(ENTRIES PROVIDED)
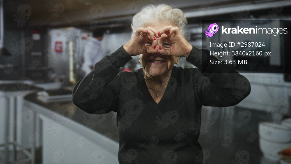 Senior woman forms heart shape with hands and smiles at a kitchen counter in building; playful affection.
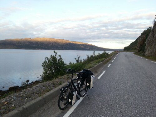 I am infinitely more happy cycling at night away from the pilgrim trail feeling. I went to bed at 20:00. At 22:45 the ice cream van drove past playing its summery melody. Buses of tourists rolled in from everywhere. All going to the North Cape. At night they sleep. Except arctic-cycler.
(End ENTRIES PROVIDED)
(ENTRIES PROVIDED)
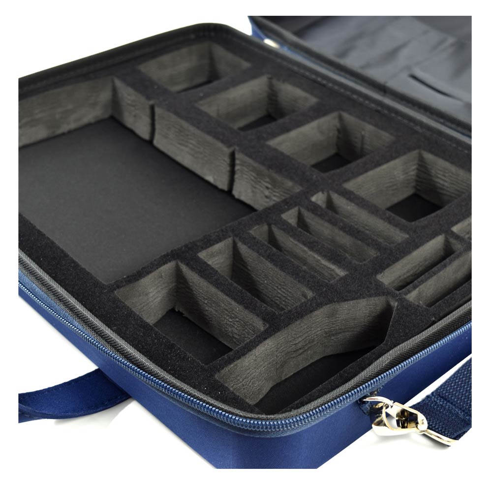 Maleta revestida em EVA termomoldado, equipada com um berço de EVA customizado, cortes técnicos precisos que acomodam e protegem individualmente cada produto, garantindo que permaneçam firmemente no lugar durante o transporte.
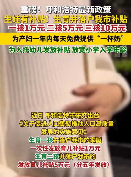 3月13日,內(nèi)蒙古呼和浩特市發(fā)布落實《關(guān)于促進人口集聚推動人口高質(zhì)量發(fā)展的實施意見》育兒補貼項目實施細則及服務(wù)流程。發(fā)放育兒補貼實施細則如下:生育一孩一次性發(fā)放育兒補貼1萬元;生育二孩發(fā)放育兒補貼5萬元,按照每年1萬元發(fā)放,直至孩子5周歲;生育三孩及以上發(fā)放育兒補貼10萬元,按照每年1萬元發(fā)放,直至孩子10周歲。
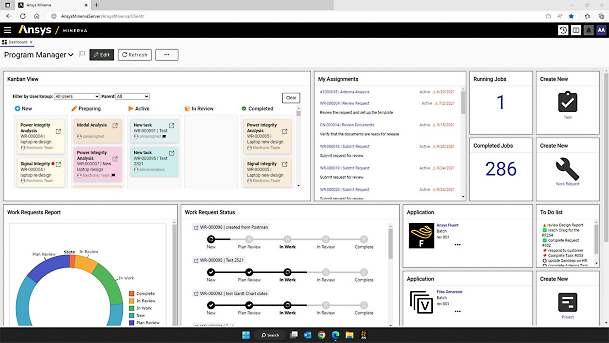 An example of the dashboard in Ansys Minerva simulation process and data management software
(End ENTRIES PROVIDED)
(ENTRIES PROVIDED)
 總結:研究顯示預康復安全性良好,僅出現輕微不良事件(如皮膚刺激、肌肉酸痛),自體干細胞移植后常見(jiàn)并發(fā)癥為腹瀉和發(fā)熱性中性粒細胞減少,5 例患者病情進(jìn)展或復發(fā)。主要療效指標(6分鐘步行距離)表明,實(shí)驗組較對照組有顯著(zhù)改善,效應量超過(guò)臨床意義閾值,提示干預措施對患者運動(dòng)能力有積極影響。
(End ENTRIES PROVIDED)
GOAL OF THE EXERCISE.
Within the listing above, find the line containing "Senior woman forms" and the line containing "I am infinitely". Transcribe them and everything between them exactly, leaving out the pictures.

SOLVED EXERCISE.
 Senior woman forms heart shape with hands and smiles at a kitchen counter in building; playful affection.
 I am infinitely more happy cycling at night away from the pilgrim trail feeling. I went to bed at 20:00. At 22:45 the ice cream van drove past playing its summery melody. Buses of tourists rolled in from everywhere. All going to the North Cape. At night they sleep. Except arctic-cycler.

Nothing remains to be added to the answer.